■ What this task involves: Give back every record below in full and exactly, but without a single image.

■ Records to use:

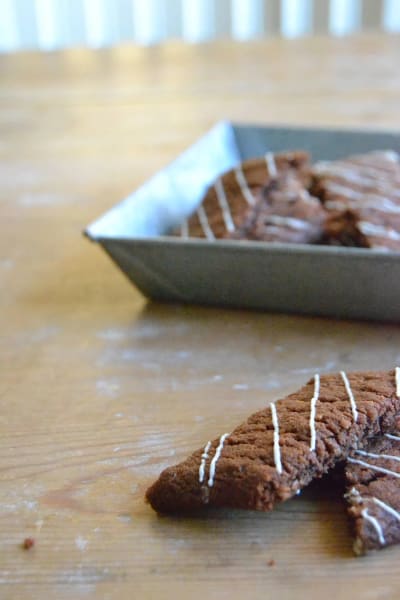 - Smält den vita chokladen och ringa över kakorna.
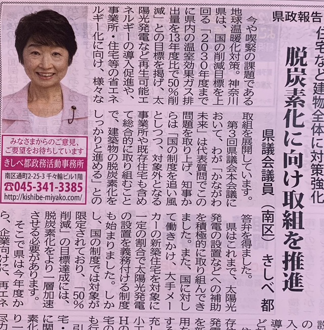 岸部(本間)都さん(74期)、県政報告がタウンニュースに掲載されました
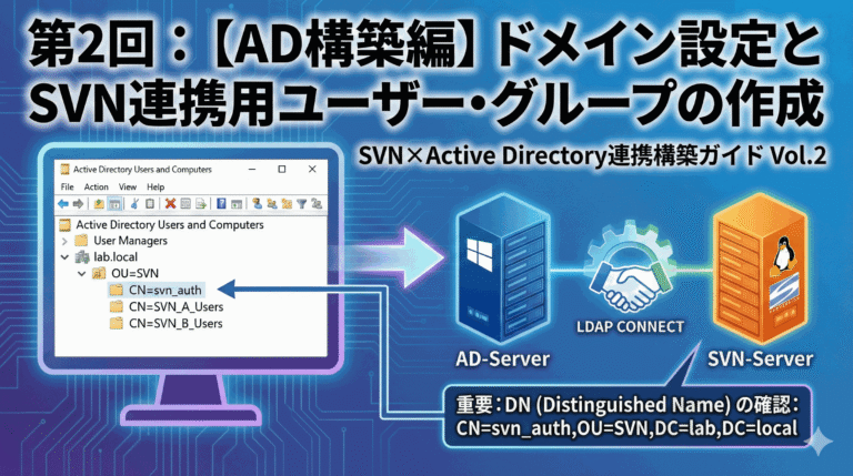 はじめに 第1回でサーバーの土台とネットワークが完成しました。第2回では、Windows Serverを「ドメインコントローラー」として構成し、Subversion(SVN)からの認証リクエストを受け入れるための準備を行います。 単にユーザーを作るだ […]
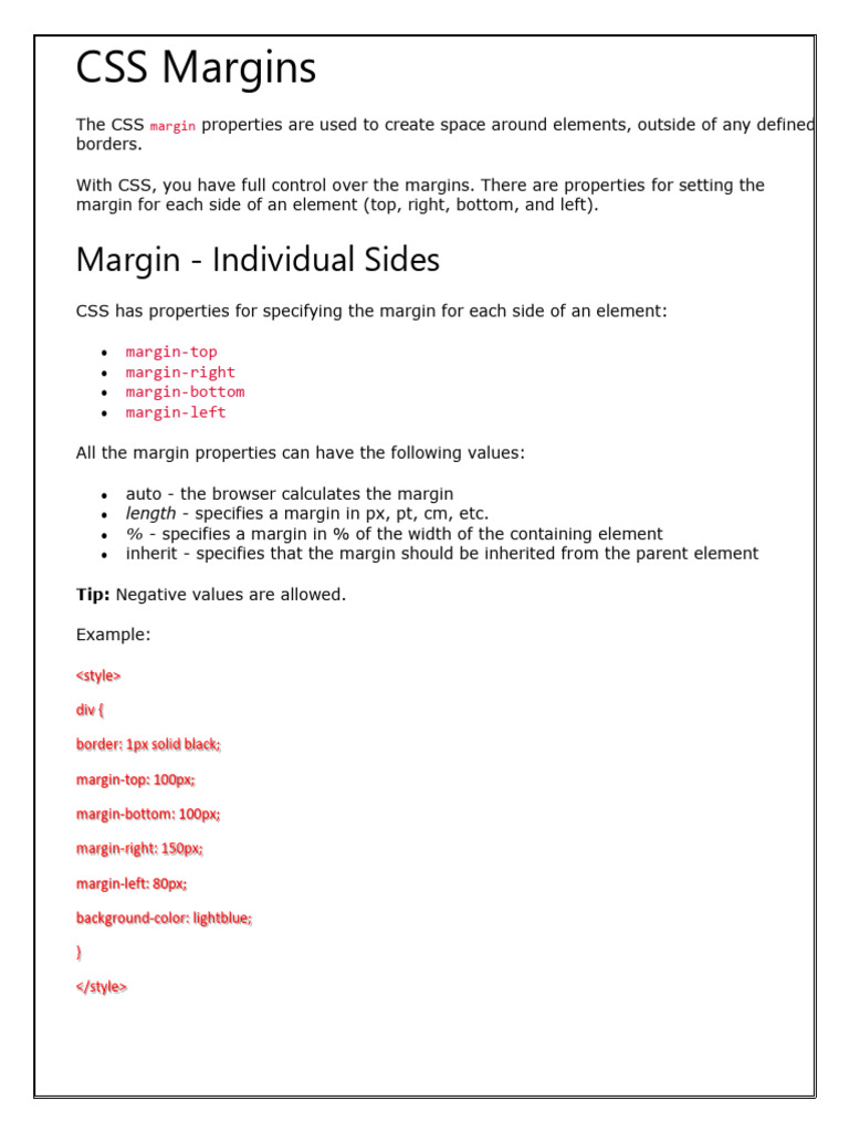 This example lets the left margin of the <p class="ex1"> element be inherited from the
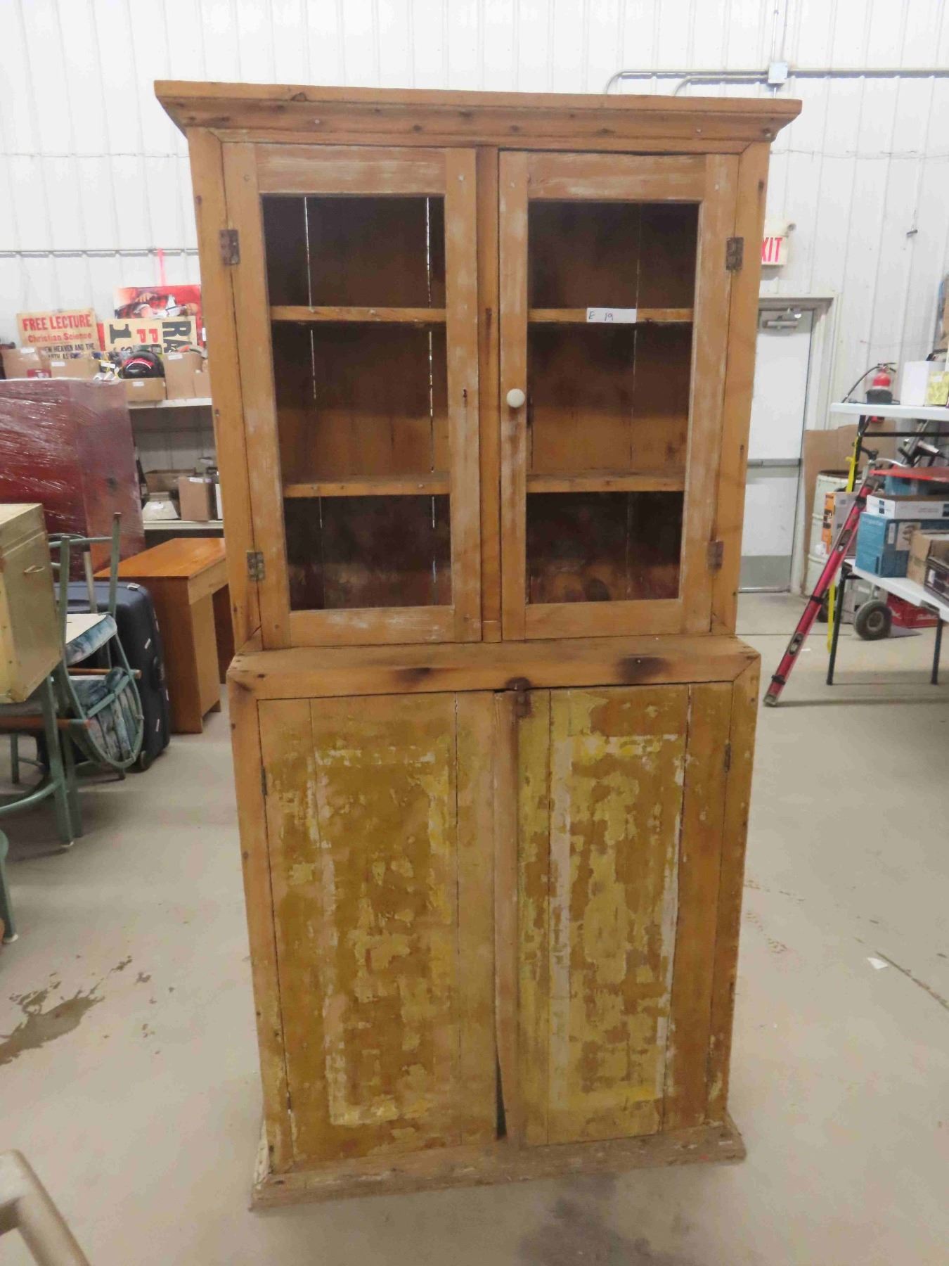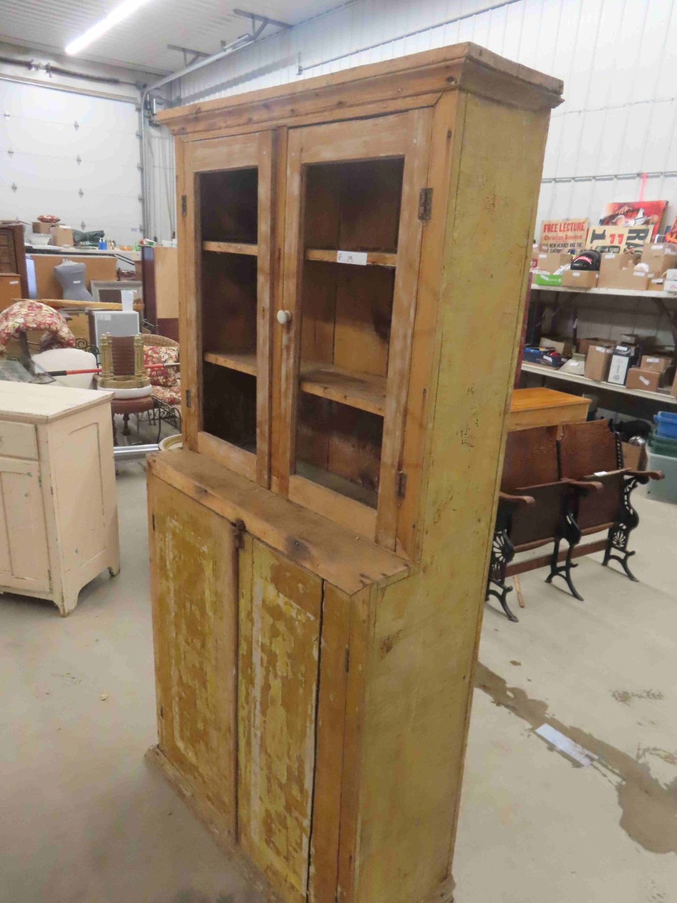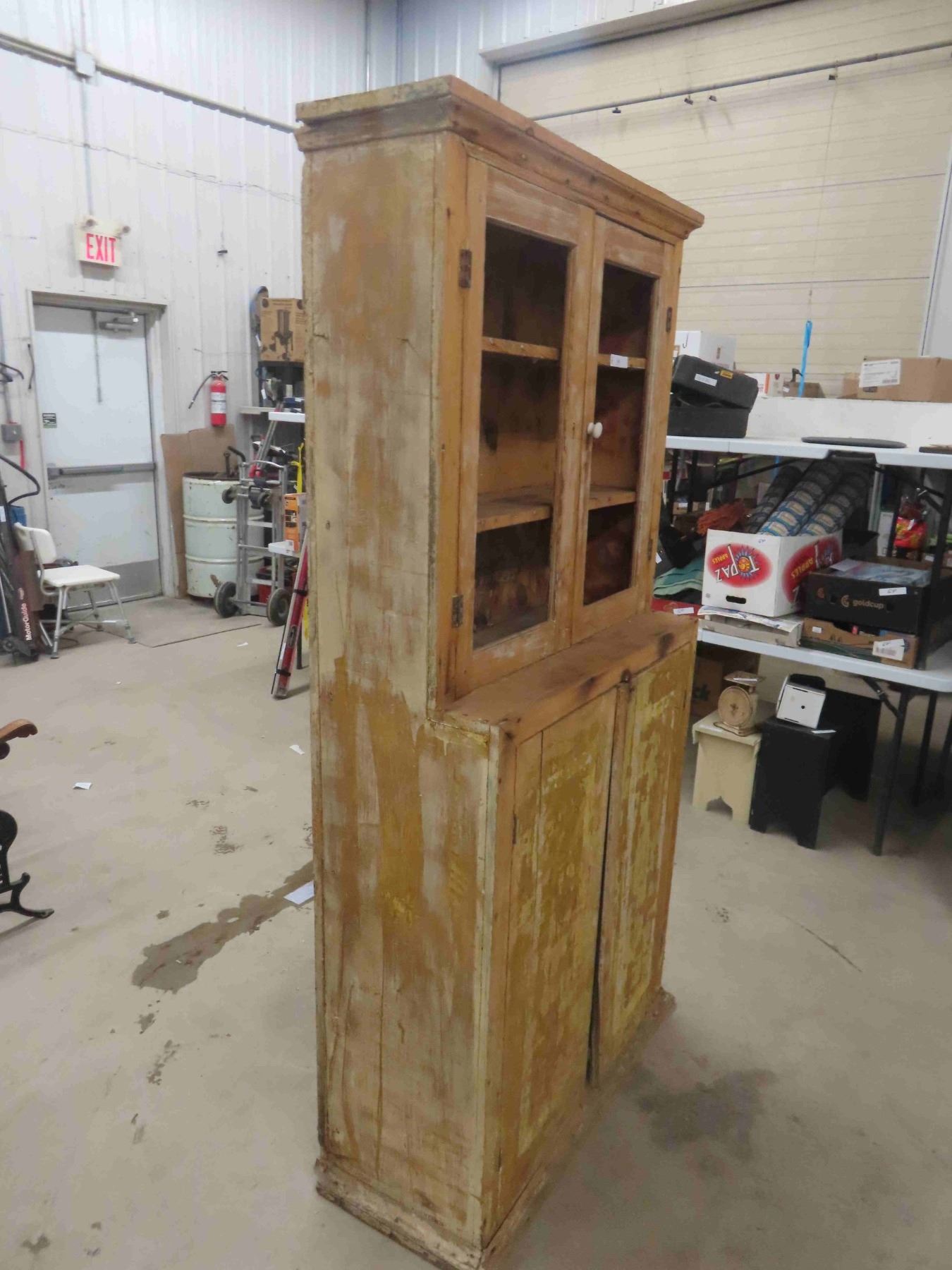 Step Back Kitchen Cupboard Original Paint and Stripped Late 1800s 80'' x 37 1/2'' x 16''

■ Answer section:
 - Smält den vita chokladen och ringa över kakorna.
 岸部(本間)都さん(74期)、県政報告がタウンニュースに掲載されました
 はじめに 第1回でサーバーの土台とネットワークが完成しました。第2回では、Windows Serverを「ドメインコントローラー」として構成し、Subversion(SVN)からの認証リクエストを受け入れるための準備を行います。 単にユーザーを作るだ […]
 This example lets the left margin of the <p class="ex1"> element be inherited from the
 Step Back Kitchen Cupboard Original Paint and Stripped Late 1800s 80'' x 37 1/2'' x 16''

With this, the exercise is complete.